炭素自立推進組織の設立準備委員会が2026年9月13日に発足へ
公益社団法人化学工学会などの関係者は、国内の炭素資源を循環利用する炭素自立の社会実装を目指し、「炭素自立推進組織(仮称)設立準備委員会」を2026年9月13日に発足させます。
素材産業から利用側の製造業、エネルギー、廃棄物処理まで、炭素資源に関わるバリューチェーン全体をつなぐ推進主体の設立を目指す取り組みです。発足に先立ち、2026年9月11日には報道関係者向けの説明会が公益社団法人化学工学会の会議室で開催されます。
炭素自立への転換とこれまでの取り組み
2050年カーボンニュートラルの実現に向けては、エネルギーの脱炭素化に加え、鉄鋼、化学、セメント等の素材産業において、国内で利用可能な炭素資源を最大限に活用し循環利用する「炭素自立」への転換が重要とされています。
公益社団法人化学工学会 地域連携カーボンニュートラル推進委員会では、2024年より「カーボンインディペンデンス(炭素自立)ビジョン」を策定しました。プラスチック循環、木質バイオマス、CCU(Carbon Capture and Utilization)を柱として、炭素フロー、社会実装ロードマップ、必要投資額や経済性などを定量的に検討し、炭素資源を循環利用する社会の姿を具体化してきました。
炭素自立を実現するためには、素材を生産する産業だけでなく、それを利用する自動車、半導体をはじめとする製造業、さらに林業・木材、製紙、エネルギー、廃棄物処理など、炭素資源の供給・利用・回収に関わるバリューチェーン全体をつなぐことが不可欠とされています。あわせて、行政、自治体、金融機関、学術界などが連携し、資源、技術、需要、投資を産業や地域の枠を越えて結びつける産業構造の形成が求められます。

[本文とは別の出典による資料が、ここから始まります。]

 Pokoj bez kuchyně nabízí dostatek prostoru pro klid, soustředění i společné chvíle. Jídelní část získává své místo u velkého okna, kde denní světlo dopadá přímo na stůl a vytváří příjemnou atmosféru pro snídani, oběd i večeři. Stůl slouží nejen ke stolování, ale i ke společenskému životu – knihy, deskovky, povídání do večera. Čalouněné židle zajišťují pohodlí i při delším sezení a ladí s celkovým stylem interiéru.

2026年9月13日に発足する設立準備委員会では、産業界、学術界、行政、金融機関、自治体等の幅広い関係者の参画を呼びかけながら、新たな推進組織の理念・ミッション、役割、活動内容、組織・運営のあり方等を検討します。将来的には、産業・地域を横断するマッチング、産業横断的な政策提言、標準化・認証・トレーサビリティ等のルール形成などを通じ、炭素自立のビジョンを具体的な社会実装へとつなぐ共創プラットフォームの形成を目指すとしています。
設立準備委員会の発起人
設立準備委員会の発起人には、学術界や産業界の各団体から以下の8氏が名を連ねています。

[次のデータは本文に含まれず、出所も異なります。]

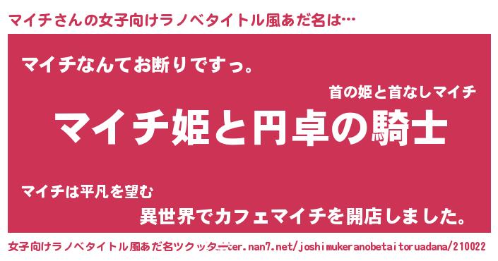 | 男性向けラノベタイトル風あだ名 | 『マイチアートオンライン』 |

- 辻 佳子(公益社団法人化学工学会 地域連携カーボンニュートラル推進委員会 委員長)
- 河瀬 元明(公益社団法人化学工学会 会長)
- 小宮山 宏(一般社団法人プラチナ構想ネットワーク 会長)
- 重竹 尚基(脱炭素成長型経済構造移行推進機構 COO(専務理事))
- 橋本 修(一般社団法人日本化学工業協会 会長)
- 筑本 学(石油化学工業協会 会長)
- 島田 泰助(一般社団法人日本林業協会 会長)
- 須藤 亮(公益社団法人日本工学会 会長)
公益社団法人化学工学会の概要
- 設立:1936年11月6日
- 代表理事・会長:河瀬 元明(京都大学 教授)
- 本部:〒112-0006 東京都文京区小日向4-2-8 大樹生命文京小日向ビル4階
- 地域組織:全国7支部
- URL:https://www.scej.org/
本記事は公益社団法人化学工学会の発表をもとに作成されています。